Цветастый занавес нависал над рампой путаной радугой. На сцене стояли шаткие микрофоны, перламутровые электрогитары, прислоненные к колонкам, ударная установка. Белокурый пастырь в липнущем к спине и ляжкам пастельном костюме, с эбонитовым блеском в крупных, внезапно образующихся складках, расхаживал по красному круглому ковру то мелкими, то широкими шагами, точно камуфлировал в развинченной походке свое неуверенное двуличие. Слова он произносил тщательно прожеванные и хорошо перемешанные, как будто его язык, его орган речи состоял не только из сознания, но и из кишечника. Харитонов услышал, что дьявол действует по шаблону, что ослабела сила у носильщиков, а мусора еще много, много мусора от навозных ворот. «Имейте в виду, — убеждал проповедник, — что середина — это еще не весь путь. Не останавливайтесь, потому что человек с Богом — это большинство. Когда мы ходим по этой планете, мы касаемся не только земли, но и Господних рук, потому что Господь держит землю в своих руках. Все в этой стране получат новое сердце. То есть Господь здесь говорит: дети Сиона, возрадуйтесь. Огромную страну отдавали под молоток. Доколе же он не сделает Иерусалима славою на земле, Санкт-Петербурга славою на земле, не умолкайте, жители Петербурга, говорите слово Господне».
На сцене появились опрятные музыканты и вегетарианскими голосами заглушили переполох встающей с кресел публики. Руки подняли менеджеры с записными книжками, ожидая превращения в начальников отделов; ладони вознесли бухгалтеры, продавцы, агенты по недвижимости, делая ставку на чудо просперити; пальцы воздели пенсионеры и охранники, напоминая кивками друг другу о переселении душ. Дистиллированная радость булькала в сообщающихся сосудах, в москвичке Ольге Беспаловой, в рахитичном и коренастом предпринимателях.

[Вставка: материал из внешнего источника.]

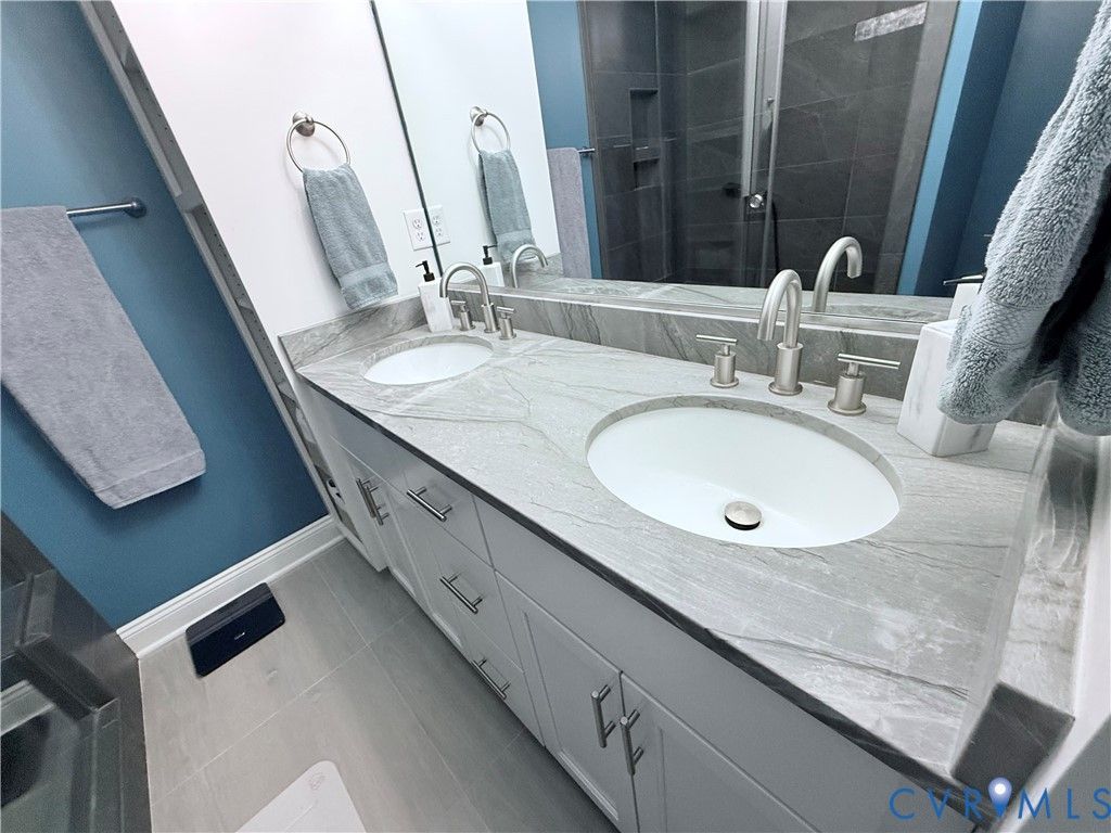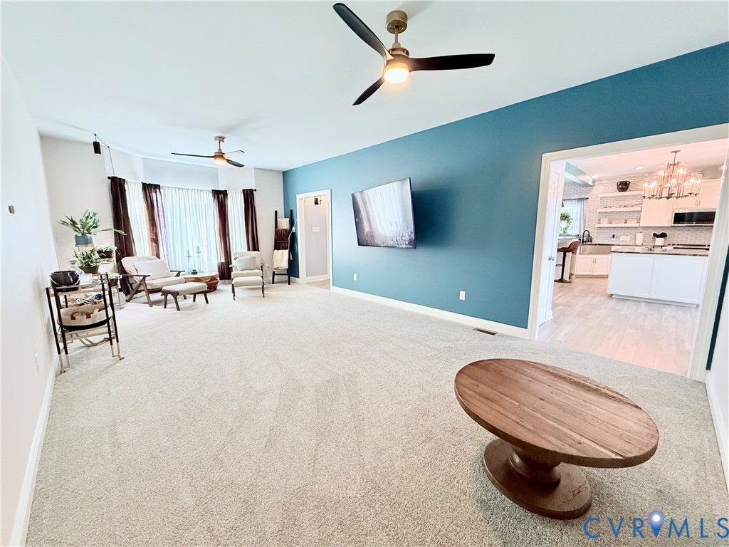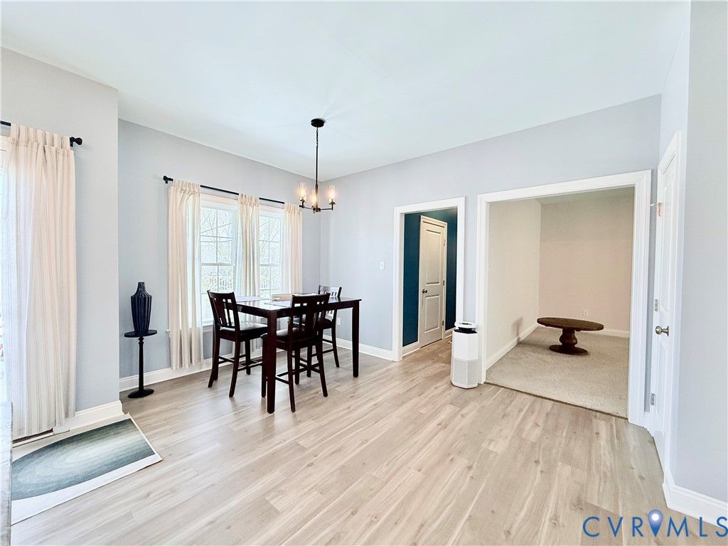 Check out this completely custom, upgraded throughout Balducci home, with some bonus owner twists along the way! This four-bedroom home is located right off 360 in the heart of Mechanicsville convenient to shopping, dining, entertainment, and all the supporting amenities the town has to offer. Interstate access is only minutes away for 295, 64, 95, 895 and more! This home features luxury vinyl plank flooring throughout the living room, kitchen and dining room all with the open floor concept perfect for entertaining. In the living room you will find an electric 54" linear wall fireplace allowing for the perfect ambiance no matter the occasion! The kitchen has tons of upgrades including the leathered marble counters, oversized island, elevated bar seating, deep farm sink, beveled glass kitchen backsplash and stainless-steel appliances. Off the kitchen you will find the designated dining corner leading to the rear deck or into a hall with the half bath with leathered granite vanity top, laundry and exit into the garage. The family room is very spacious with plush carpet, two fan/light combos and endless decorating opportunities with an extra bump out space from the bay window. Upstairs you will find the primary suite, office/study, and three other bedrooms. The primary suite offers fan/light combo, walk-in-closet and a completely custom bathroom with large format ceramic tiled flooring, a tile shower fit for a luxury hotel and a leathered quartzite double sink vanity. The study/suite is located just beyond the primary suite allowing for endless possibilities to suit anyone's needs. The hall bathroom also has been customized with a large format ceramic tile flooring, tiled shower, leathered quartzite double vanity and plenty of built in storage space. Each of the additional bedrooms feature carpet flooring, fan/light combos and spacious double door closets too! All appliances are negotiable, including the Samsung all-in-one washer/dryer unit. The exterior offers an outdoor sprinkler system and so much more!

Наконец проповедник оповестил, о чем следует молиться на будущей неделе: в понедельник — о президенте и его помощниках, во вторник — о российском бизнесе, в среду — о правоохранительных органах, в четверг — о медицине и образовании, в пятницу — об экологии страны и города.
Вдруг в передних рядах громко рассмеялся курчавый мальчик. Этот смех, показавшийся Харитонову знакомым своим баритонистым, слюнявым тембром, обратил на себя внимание и плавно качающейся паствы. Люди привыкли к гоготу, истошному и утробному, к хихиканью, удовлетворенному и умильному, — и вдруг этот резвый смех ребенка, который увидел перед собой что-то нестерпимо комичное и которого как будто вдобавок во время представления мимоходом пощекотал рыжий шапитовский клоун. Харитонов догадался о причине веселья мальчика. Ребенок смеялся над тем, что его бабушка заснула и теперь свистела носом в своем кресле. Ее растолкали, а мальчику для успокоения провели намагниченной дланью по мягкому затылку. Харитонов усмехнулся тому, что все бабушки засыпают одинаково сварливо, а просыпаются одинаково простодушно. Проповедник не преминул посулить, что старцам Господь обязательно изольет блаженные сны, потому что у старцев часто бывает бессонница. Зачем-то пригнувшись, он прошел за кулисы.
Харитонов видел, что этот тридцатилетний томительный проповедник настоящее религиозное чувство держит при себе, втайне от других, а эти нелепые мистерии устраивает, безусловно, ради денег, ради бизнеса и ради доступной веры нетерпеливых людей. Некоторые из них свою богоизбранность принимали теперь за чистую монету и несли ее к выходу с энергичной непогрешимостью.
«Хорошо, — думал Харитонов, — что Людмила чересчур эгоистична и разумна, чтобы не быть атеисткой».